With Regular Dual nozzle 3D Printer while printing the filaments drips and get mixed with other color thus making you print looks not appealing to customer . With MakerPi you can print dual color with ease because now dripping of second color filament during printing and giving a neat and clean Dual color printing . When printing with color mixing option the 3D Printed object looks exclusive and appealing . 


MakerPi 2030Xis best suitable for Designers , Makers and Professionals.


MakerPi 2030X is made up of sturdy metal frame and quality parts . It printers range of filaments like PLA , ABS , HIPS, PET and Flexible . Before sending the machine to customer every MakerPi 3D Printer is tested for 300 hrs . You can check more details and specification of MakerPi 3D Printer here at *3dprinterkart.com*

----------


## 3dprinterkart

*Creality 3D CR-10 Max Printing size :500X500X500mm
*
*Key Features:  *  

*** Packaged with three parts kit, just need 10 minutes to assembly, solve the problem of high freight.
*** High precision imported Aluminum V-slot Bearing + precision roller with high positioning accuracy, move smoothly,print faster
* Patent Technology for XYZ Aluminum V-slot Bearing to make it run smoothly and get higher quality product.
* Industrial-grade PCB can continuously print for 200 hours without pressure,but with matures printing technology and stable performance
* Patent MK10 nozzle extrusion structure can print almost all printing material on the market without plug.

----------


## 3dprinterkart

*Anycubic i3 Mega Large Desktop 3D Printer Trigorilla Mainboard Print Area 210X210X205mm*
* Exclusive Trigorilla Mainboard Supports All features 
* Features like power resume, smart levelling , Filament run out detection 
* 3.2" TFT Touchscreen , Flash assembly , Faster print rate.
* Plug Type EU OR AU Optional
* This printer's mainboard is exclusively designed by Anycubic called " Trigorilla mainboard" to support all features like  Power     resume, Smart * levelling , Filament run out detection . 
* Filament run out detection feature automatically pause the printer when filament runs out, user can change filament and on one click print  resume from same position.
* This printer is upgraded to large build volume compared to other printer in this price & feature range.It supports all latest filaments in market.
* The Body is metal Build, superior stability improving printing accuracy.
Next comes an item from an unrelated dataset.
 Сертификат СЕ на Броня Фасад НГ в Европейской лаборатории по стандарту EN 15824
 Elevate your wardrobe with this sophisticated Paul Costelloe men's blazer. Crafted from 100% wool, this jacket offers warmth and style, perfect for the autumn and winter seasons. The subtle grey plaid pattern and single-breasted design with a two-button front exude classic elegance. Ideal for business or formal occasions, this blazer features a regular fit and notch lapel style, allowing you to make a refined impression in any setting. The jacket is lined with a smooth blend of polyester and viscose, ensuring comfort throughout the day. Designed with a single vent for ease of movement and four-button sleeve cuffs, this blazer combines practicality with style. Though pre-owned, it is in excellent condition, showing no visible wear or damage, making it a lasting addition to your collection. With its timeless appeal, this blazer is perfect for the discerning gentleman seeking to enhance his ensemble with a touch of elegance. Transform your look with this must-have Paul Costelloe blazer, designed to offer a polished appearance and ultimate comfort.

It hardly takes some minutes to flash assemble the printer   with 8 screws.  Its Touchscreen display supports multi language custom friendly userinterface runs smoothly.

----------


## 3dprinterkart

*22 Best 3D Printers of Year 2017*

In Beginning of this year 2017 there are some new 3D Printers that hit the market and some printers from last year selling hot in the market .
Let us take a look at some of the best 22 Best 3D Printers that you can look forward to buy this summer of 2017.
There are various options for selecting 3d printer in kit or Assembled type, Delta orCartesian Type, Small orLarge Build Size, Open source or Closed Sourced professional type, Conventional or Upgraded features. It completely depends upon users requirement. Below listed 3d printers are described based on these factors which usually user looks for while selecting 3d printers.
First let us take a look at the Delta’s which are fast , easy to assemble , large print height etc.

*Anycubic Kossel Delta
*

*No. of Extruders :*1
*Print Size (XYZ) :*180X300mm
This is a open source Delta 3d printer kit having 3 robotic arm , Aluminium extrusion structure of Europeanstandard 2020, available in two optionsPulley versionandLinear guide Version. This printer is gaining popularity for its exclusive designed Trigorilla mainboard that offeroutstanding functionality ,stability ,Simple Installation , Easy operation, Extensible function, Selectabledrives , wide voltage input, compatible with marlin firmware.
Basic printer price is $165.5 which is pulley version and comes in with various chargeable upgrade options like Linear guide version, large printing area, Heat bed , etc.

*Flsun Kossel Delta
*

*No. Of Extruder:* 1
*Buildvolume:* 180mmx300mm
This is also an open source delta style Kossel3d printer kit . Pulley version is aBasic Printer for $176having Aluminium structure, Metal build plate, Powerful extruder, Ramps motherboard,Standard build volume 180x300mm and Auto levelingfeature . It can be upgraded with features likeLinear guide version and heatbed. This printer is very easy to assemble within few hours and has all plastic moulded component.
*
He3D K200 Delta*


*No. of Extruders :* Single / Dual (Optional)
*Print Size (XYZ) :* 200X300mm
This is an opensource delta style 3 Robotic Arm pulleyversion 3dprinter kit with free auto leveling feature, Aluminium structure, All metal E3D extruder for just $195 free shipping to major countries. Its fun learning and playing with such cheap kits . If properly calibrated it can print decent prints . It also ahs a Dual Extruder Upgrade kit which will enable to print with two filaments .

*HE3D Ei3

*


*No. Of Extruder: Single/Dual/Triple
*
*Buildvolume: 200X 280 X 200mm
*
This is a cheapest opensource Cartesian style 3D Printer kit with Aluminium structure , Full metal E3D hotend, free upgrades like auto leveling accompanied with free four different sizes of nozzle and lot of other gifts which does not come in other printer so far at just $190.This printer can further be upgraded to *Large print area 200x280x200mm*,*Dual Extruder* & also *Tripple Extruder!* This is one of the hottest and highest selling Prusa i3 clones out there .

*For more click here.*

----------


## 3dprinterkart

*3D Pen for children* :Smile: 


Kids love to design and draw , why not let them create their own toys themselves.A father based in Chennai,India helping his 11 year old child to draw and manually turns his design into real life 3D Printed spectacles. 3D Printed items are safe since it is made of Eco-friendly plastic material ie.PLA.
Till now children's had access to only pen, crayons, paint, brushes , clay , paper and cardboard to draw.  But now children can enjoy drawing with 3D Pen which is a latest 3D Printing technology. 3D Pen is a great tool for children's to draw in the air anything they think of. It also helps children's to communicate their feeling, emotion and upgrade their thinking in new way. Drawing with 3D Pen neither need any past 3d printing experience nor need any software. 3D Pen is very easy to use, great fun for kids and are available at reasonable price.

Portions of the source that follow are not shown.